> _GIVEN RECORDS_:
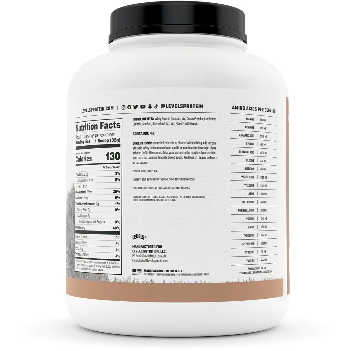 Details: Each scoop of our pure chocolate whey has 24g Protein, 5.4g BCAAs (branched-chain amino acids), and no added sugar. Customers choose Levels for a clean and pure way to build lean muscle, enhance fitness, lose weight and improve their overall health. Levels whey protein is made in the U.S.A. and goes through rigorous testing to meet the highest quality standards. Our paleo and keto friendly whey is gluten free, soy free, antibiotic free, rGBH/rBST hormone free, and contains no artificial flavors, no so-called "natural flavors", no artificial sweeteners and no GMOs. Our 100% grass-fed whey protein comes from pasture raised U.S. Dairy Cows. Grass fed animals eat a nutrient rich, diverse diet of pasture, which creates a higher concentration of vitamins, minerals, and other beneficial nutrients. Additionally, there is no assurance that a 100% organic animal did not live the majority of its life in a confined space. Humanely treated grass-fed cows live healthier, more natural lives, but they also place less stress on the land they inhabit. When properly managed, grass-fed animals can produce a net benefit to the environment. Pasture grazing requires significantly less fossil fuel than a feedlot diet consisting of corn, soy, antibiotics, and hormones. Pastured animals fertilize the land they graze on, which eliminates the fossil fuels required by conventional fertilizing practices. Lastly, grass-filled fields not only hold on to topsoil and moisture, but also more effectively remove carbon dioxide from the atmosphere than any other use of land. Levels pure chocolate whey is the first of its kind in protein. We broke norms by selecting ingredients sourced from farmers certified in best practices to create whey from grass-fed dairy. We then combine our whey with delicious 100% pure cold-pressed cacao and lightly sweeten it with monk fruit. No other whey compares to this remarkably delicious, nutrient-dense combination of protein, vitamins and minerals.
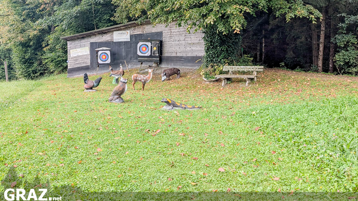 Nur wenige Kilometer außerhalb der Stadtgrenzen findet man den Parcours der Styrian Archers in Judendorf. Parken kann man gegenüber des Geschäfts „Blatt & Blüte“ in der Grazer Straße 88, 8111 Judendorf-Straßengel, ausschließlich auf den freien Schotterparkplätzen. Bezahlt wird am Ticketautomaten, die Bezahlung ist dabei ausschließlich bargeldlos möglich.
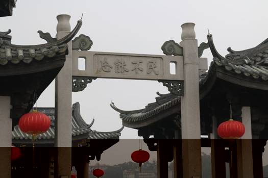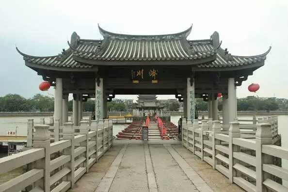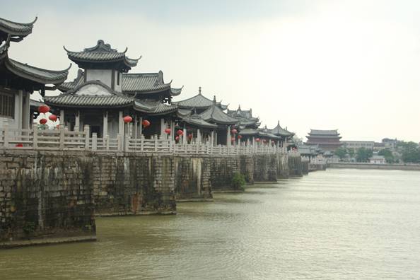 踏上了這座古橋,呈現在我們眼前的是“十八梭船二十四洲”的獨特風格。廣濟橋在每個橋墩上都建有亭閣,每個樓台亭閣用途各異,在江面上排列着,甚為壯觀。在亭子的匾額上,書寫着不同的内容,有“飛躍”、“漲碧”、“朝仙”、“乘驷”等;亭子的楹聯也各不相同,有“瀛洲景美賦詩來,滄海月明吹笛去”、“峰低山讓月,舟小水親人”等,真可謂是重領聯閣,濟美聯芳。
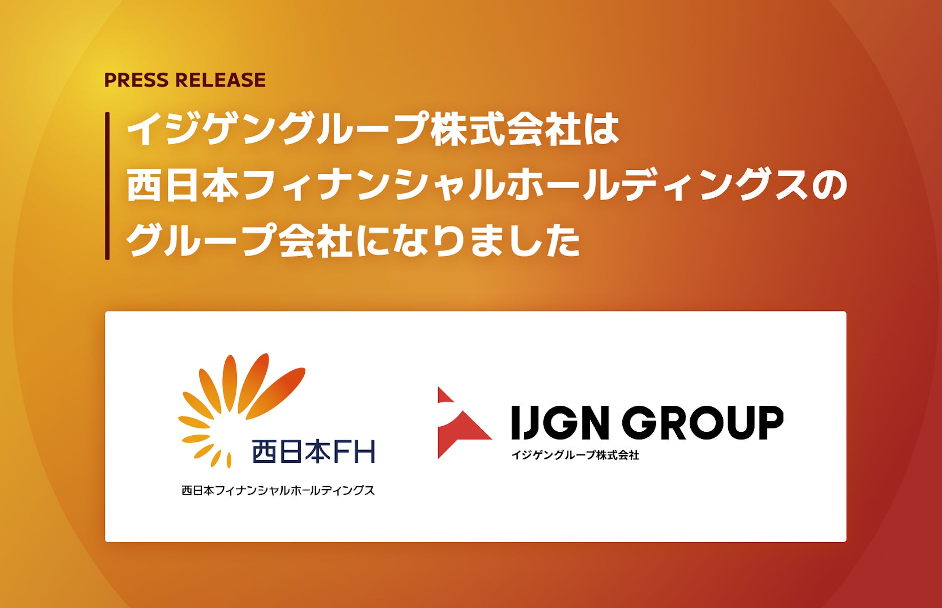 イジゲングループ株式会社(本社:大分県大分市、代表取締役CEO:鶴岡 英明、代表取締役専務CFO:鍋島 佑輔、以下「イジゲングループ」)は、株式会社西日本フィナンシャルホールディングス(本社:福岡県福岡市、取締役社長:村上 英之、以下「西日本FH」)へ株式譲渡を行い、グループ会社となりましたことをお知らせいたします。
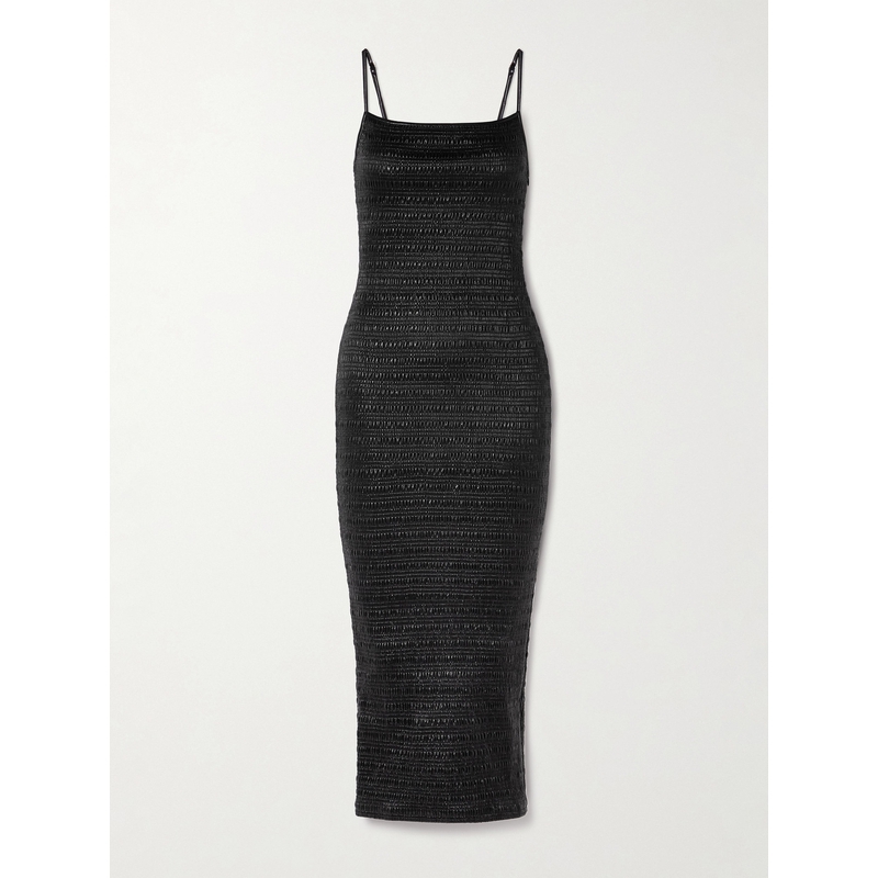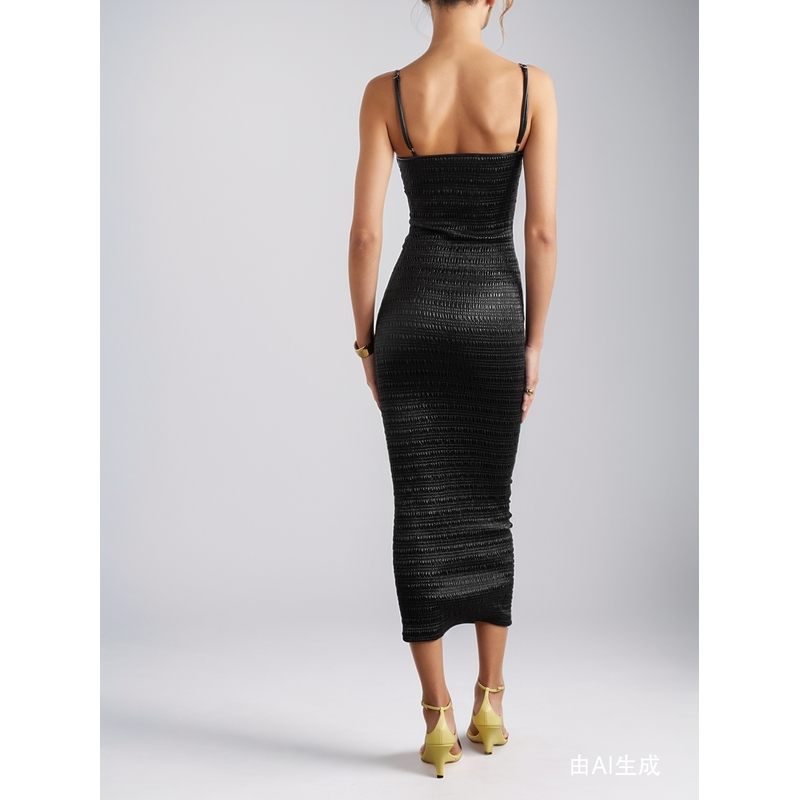 【折扣】Nanushka 女士平行绉缝人造皮革中长小黑裙吊带连衣裙
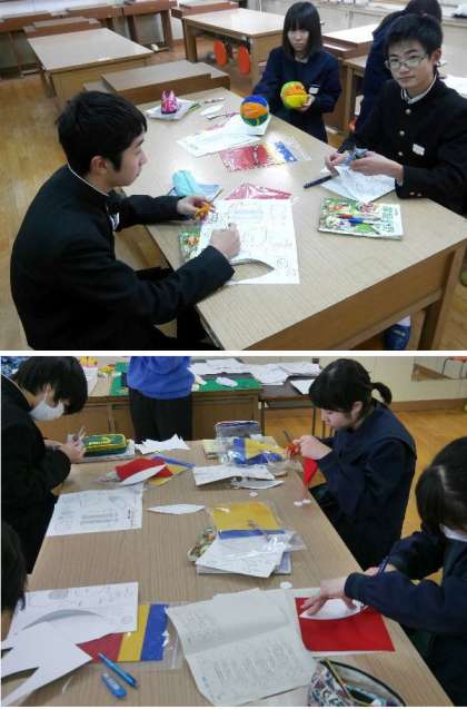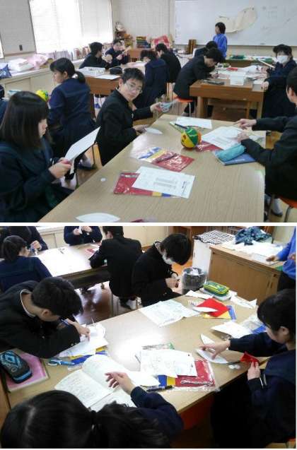 3年生の技術・家庭科の授業は、いつも分割して技術科と家庭科に分かれて授業をしています。技術は教室での授業です。家庭科は家庭科室で幼児用のおもちゃをフェルトで作っています。
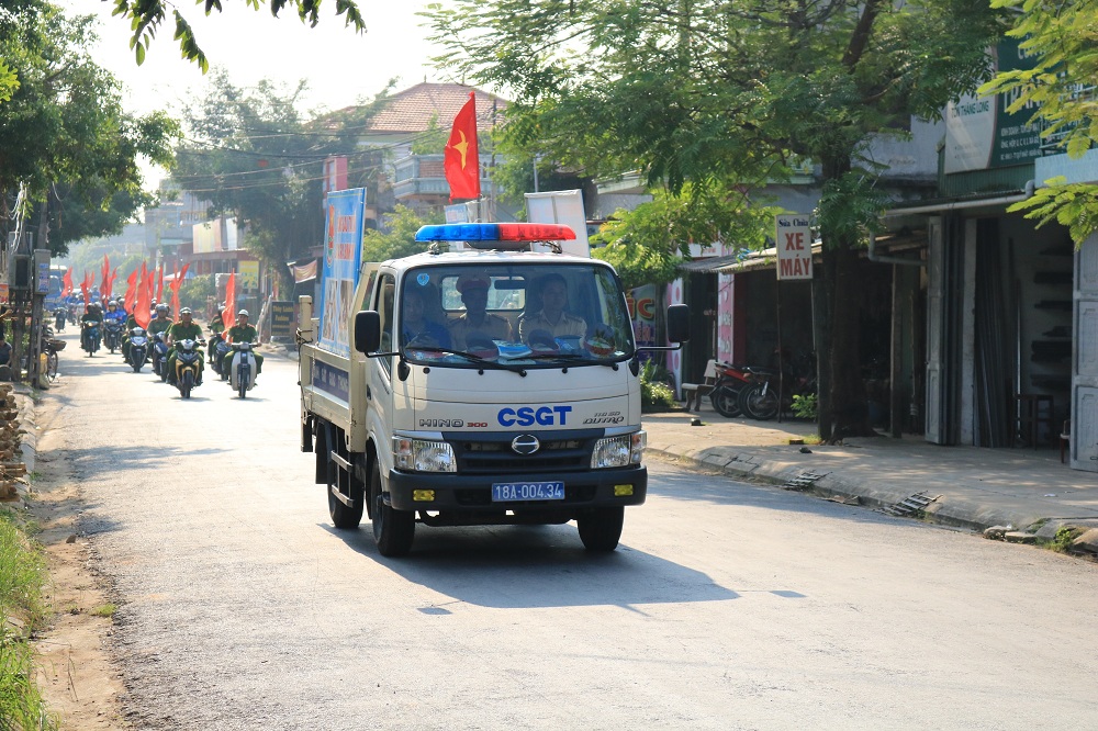 | Công an huyện Nghĩa Hưng phối hợp với các ban, ngành, đoàn thể của huyện tuyên truyền pháp luật an toàn giao thông đường bộ. |

> _DIRECTIONS_: Excluding images, return all of the records above word for word.

> _ANSWER TO THE EXERCISE_:
 Details: Each scoop of our pure chocolate whey has 24g Protein, 5.4g BCAAs (branched-chain amino acids), and no added sugar. Customers choose Levels for a clean and pure way to build lean muscle, enhance fitness, lose weight and improve their overall health. Levels whey protein is made in the U.S.A. and goes through rigorous testing to meet the highest quality standards. Our paleo and keto friendly whey is gluten free, soy free, antibiotic free, rGBH/rBST hormone free, and contains no artificial flavors, no so-called "natural flavors", no artificial sweeteners and no GMOs. Our 100% grass-fed whey protein comes from pasture raised U.S. Dairy Cows. Grass fed animals eat a nutrient rich, diverse diet of pasture, which creates a higher concentration of vitamins, minerals, and other beneficial nutrients. Additionally, there is no assurance that a 100% organic animal did not live the majority of its life in a confined space. Humanely treated grass-fed cows live healthier, more natural lives, but they also place less stress on the land they inhabit. When properly managed, grass-fed animals can produce a net benefit to the environment. Pasture grazing requires significantly less fossil fuel than a feedlot diet consisting of corn, soy, antibiotics, and hormones. Pastured animals fertilize the land they graze on, which eliminates the fossil fuels required by conventional fertilizing practices. Lastly, grass-filled fields not only hold on to topsoil and moisture, but also more effectively remove carbon dioxide from the atmosphere than any other use of land. Levels pure chocolate whey is the first of its kind in protein. We broke norms by selecting ingredients sourced from farmers certified in best practices to create whey from grass-fed dairy. We then combine our whey with delicious 100% pure cold-pressed cacao and lightly sweeten it with monk fruit. No other whey compares to this remarkably delicious, nutrient-dense combination of protein, vitamins and minerals.
 Nur wenige Kilometer außerhalb der Stadtgrenzen findet man den Parcours der Styrian Archers in Judendorf. Parken kann man gegenüber des Geschäfts „Blatt & Blüte“ in der Grazer Straße 88, 8111 Judendorf-Straßengel, ausschließlich auf den freien Schotterparkplätzen. Bezahlt wird am Ticketautomaten, die Bezahlung ist dabei ausschließlich bargeldlos möglich.
 踏上了這座古橋,呈現在我們眼前的是“十八梭船二十四洲”的獨特風格。廣濟橋在每個橋墩上都建有亭閣,每個樓台亭閣用途各異,在江面上排列着,甚為壯觀。在亭子的匾額上,書寫着不同的内容,有“飛躍”、“漲碧”、“朝仙”、“乘驷”等;亭子的楹聯也各不相同,有“瀛洲景美賦詩來,滄海月明吹笛去”、“峰低山讓月,舟小水親人”等,真可謂是重領聯閣,濟美聯芳。
 イジゲングループ株式会社(本社:大分県大分市、代表取締役CEO:鶴岡 英明、代表取締役専務CFO:鍋島 佑輔、以下「イジゲングループ」)は、株式会社西日本フィナンシャルホールディングス(本社:福岡県福岡市、取締役社長:村上 英之、以下「西日本FH」)へ株式譲渡を行い、グループ会社となりましたことをお知らせいたします。
 【折扣】Nanushka 女士平行绉缝人造皮革中长小黑裙吊带连衣裙
 3年生の技術・家庭科の授業は、いつも分割して技術科と家庭科に分かれて授業をしています。技術は教室での授業です。家庭科は家庭科室で幼児用のおもちゃをフェルトで作っています。
 | Công an huyện Nghĩa Hưng phối hợp với các ban, ngành, đoàn thể của huyện tuyên truyền pháp luật an toàn giao thông đường bộ. |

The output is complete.